Investing in real estate with little to no money down can be challenging but it’s not impossible. Here are some strategies you can consider:

  1. Wholesaling: This involves finding distressed properties, negotiating a deal with the seller, and then assigning the contract to another buyer for a fee. You don’t need to buy the property yourself, so you can get started with very little capital.
  2. Seller Financing: Some sellers may be willing to finance the purchase themselves, allowing you to buy the property with little or no money down. This typically involves negotiating terms directly with the seller.
  3. Lease Options: With a lease option, you lease the property from the owner with the option to buy it at a later date at a predetermined price.
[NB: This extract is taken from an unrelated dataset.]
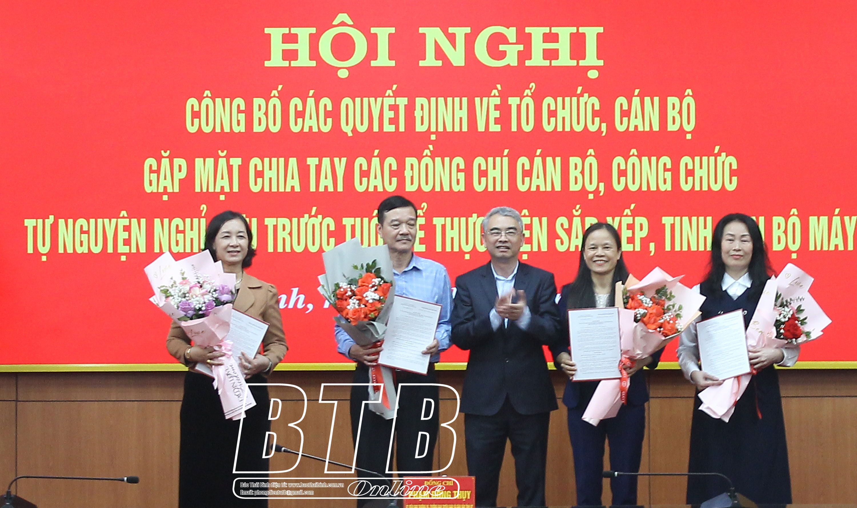 Hội nghị đã công bố các quyết định thành lập 5 phòng chuyên môn và bổ nhiệm 5 đồng chí trưởng phòng, phó trưởng phòng phụ trách, 9 đồng chí phó trưởng phòng các phòng chuyên môn thuộc Ban Tuyên giáo và Dân vận Tỉnh ủy; thành lập 5 chi bộ trực thuộc Đảng bộ Ban Tuyên giáo và Dân vận Tỉnh ủy; chỉ định 5 đồng chí giữ chức Bí thư Chi bộ.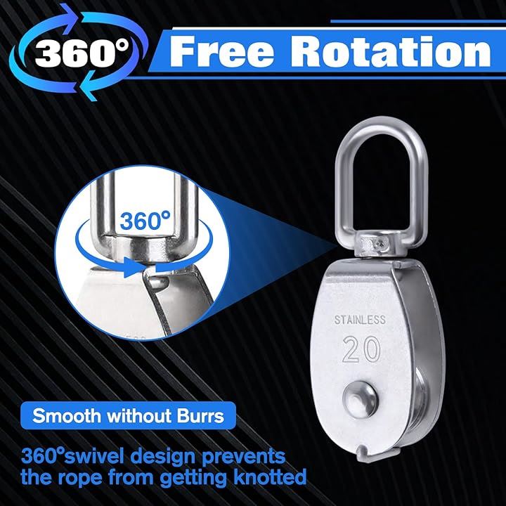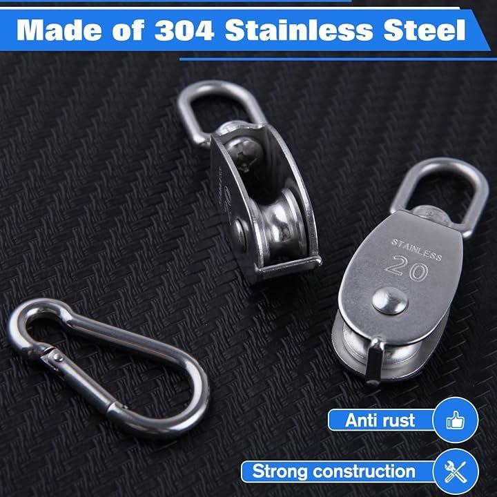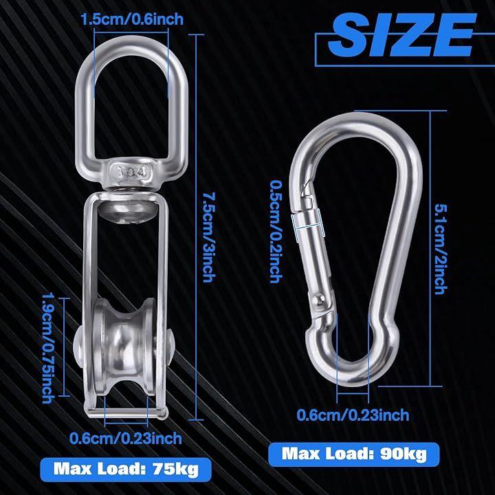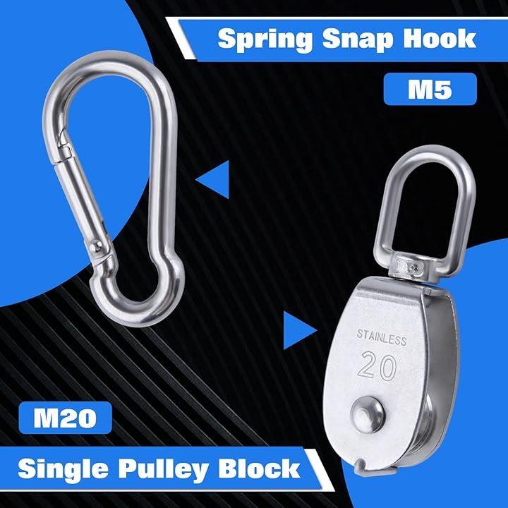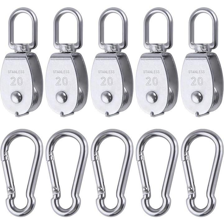 互換品 M20 滑車 小型 シングルプーリーブロック カラビナ付き 5本セット 滑車ローププーリー スイベル 式 豆ブロック 360度回転 クレーンプーリーブロック ロープ滑車 建設工事 室内 屋外 プーリークライミング ホームアクセサリー 防錆 耐荷重75kg

You can then sublease the property or assign the option to another buyer for a fee.
  4. Partnerships: You can partner with other investors or individuals who have the capital to invest. You provide your expertise, time, or sweat equity, while your partner provides the funding needed for the deal.
  5. Hard Money Lenders: While this option may require some money down, hard money lenders typically focus more on the value of the property than the borrower’s creditworthiness. They may finance a significant portion of the purchase price, allowing you to acquire properties with minimal cash upfront.
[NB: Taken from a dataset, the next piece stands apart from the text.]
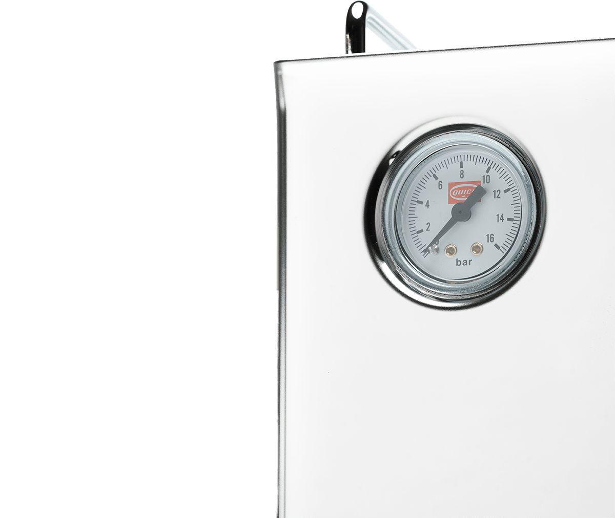 Το ενσωματωμένο μανόμετρο (0–16 bar) δείχνει την πίεση εκχύλισης σε πραγματικό χρόνο και βοηθά στη ρύθμιση του αλέσματος, της δοσολογίας και του tamp για την ιδανική δόση.

  6. Government Programs: Some government programs, such as FHA loans, offer low down payment options for homebuyers, which can be useful for real estate investors looking to acquire properties with minimal cash.
  7. Creative Financing: Get creative with your financing options. You could consider strategies like subject-to financing (taking over the seller’s existing mortgage payments), or using personal loans, credit cards, or even borrowing against other assets as a down payment.

Remember, while these strategies can help you invest in real estate with little to no money down, they also come with risks. Make sure you thoroughly understand the risks involved and consider seeking advice from experienced real estate investors or financial professionals before proceeding. Additionally, always conduct thorough due diligence on any property you’re considering investing in.